[Stored items from a collection]
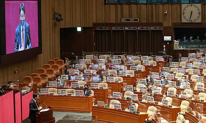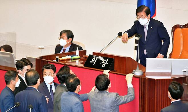 | 국민의힘 본회의 개의 항의 박병석 국회의장(오른쪽)이 27일 ‘검수완박’(검찰 수사권 완전 박탈) 법안 처리를 위한 본회의 개의에 항의하는 국민의힘 의원들에게 자리로 돌아갈 것을 요구하고 있다. 이날 본회의에서는 여야 의원들의 검수완박 찬반 필리버스터(무제한 토론)가 진행됐다. 서상배 선임기자 |
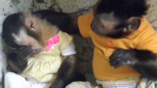 近日,在美国一处野生动物基地内上演了温情的一幕:为安慰自己伤心的同伴、一只名为安吉丽卡的雌性小猴,雄性小猴托比绅士十足的将其揽在臂弯,并双目含情凝望着自己的好伙伴。
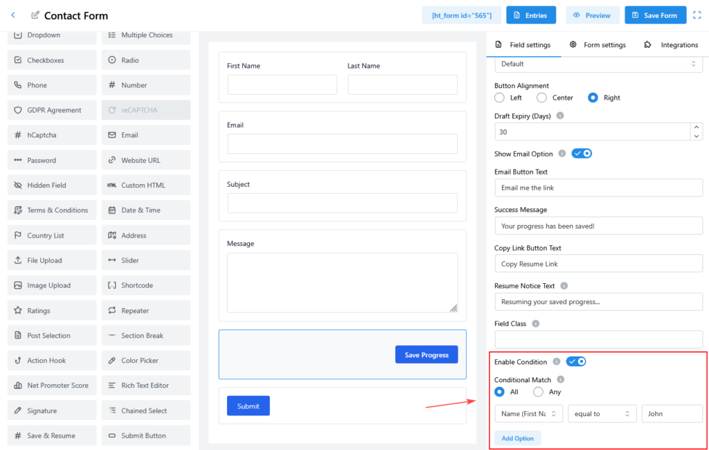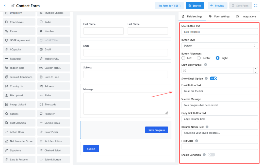 The Save & Resume Field allows users to save their form progress and continue later using a secure resume link. This feature is ideal for long or complex forms where users may need additional time to complete all fields.
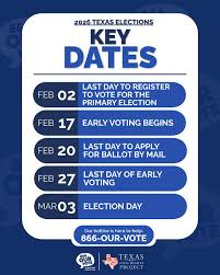 - Early Voting: Early voting is a convenient option for those unable to vote on Election Day. In 2026, early voting runs from February 20th to February 28th. Polling locations are available at county election offices and designated early voting sites. A full list of locations can be found on the [ Texas Secretary of State's Office website ].
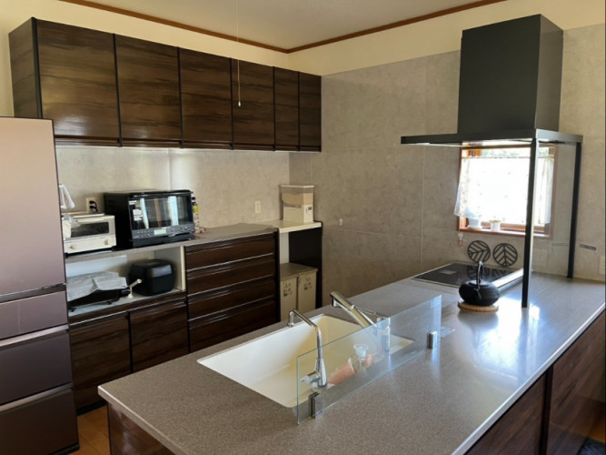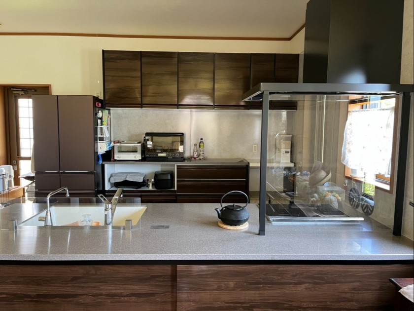 モダンなキッチンに数日でリフォーム。作業スペースも広く、家族やゲストと会話を楽しみながら料理ができる開放感のある空間。換気フードや照明も一新しました。

▶ _What you need to do_
Output a verbatim copy of all entries above; no pictures go in it.

▶ _Problem solution_
 | 국민의힘 본회의 개의 항의 박병석 국회의장(오른쪽)이 27일 ‘검수완박’(검찰 수사권 완전 박탈) 법안 처리를 위한 본회의 개의에 항의하는 국민의힘 의원들에게 자리로 돌아갈 것을 요구하고 있다. 이날 본회의에서는 여야 의원들의 검수완박 찬반 필리버스터(무제한 토론)가 진행됐다. 서상배 선임기자 |
 近日,在美国一处野生动物基地内上演了温情的一幕:为安慰自己伤心的同伴、一只名为安吉丽卡的雌性小猴,雄性小猴托比绅士十足的将其揽在臂弯,并双目含情凝望着自己的好伙伴。
 The Save & Resume Field allows users to save their form progress and continue later using a secure resume link. This feature is ideal for long or complex forms where users may need additional time to complete all fields.
 - Early Voting: Early voting is a convenient option for those unable to vote on Election Day. In 2026, early voting runs from February 20th to February 28th. Polling locations are available at county election offices and designated early voting sites. A full list of locations can be found on the [ Texas Secretary of State's Office website ].
 モダンなキッチンに数日でリフォーム。作業スペースも広く、家族やゲストと会話を楽しみながら料理ができる開放感のある空間。換気フードや照明も一新しました。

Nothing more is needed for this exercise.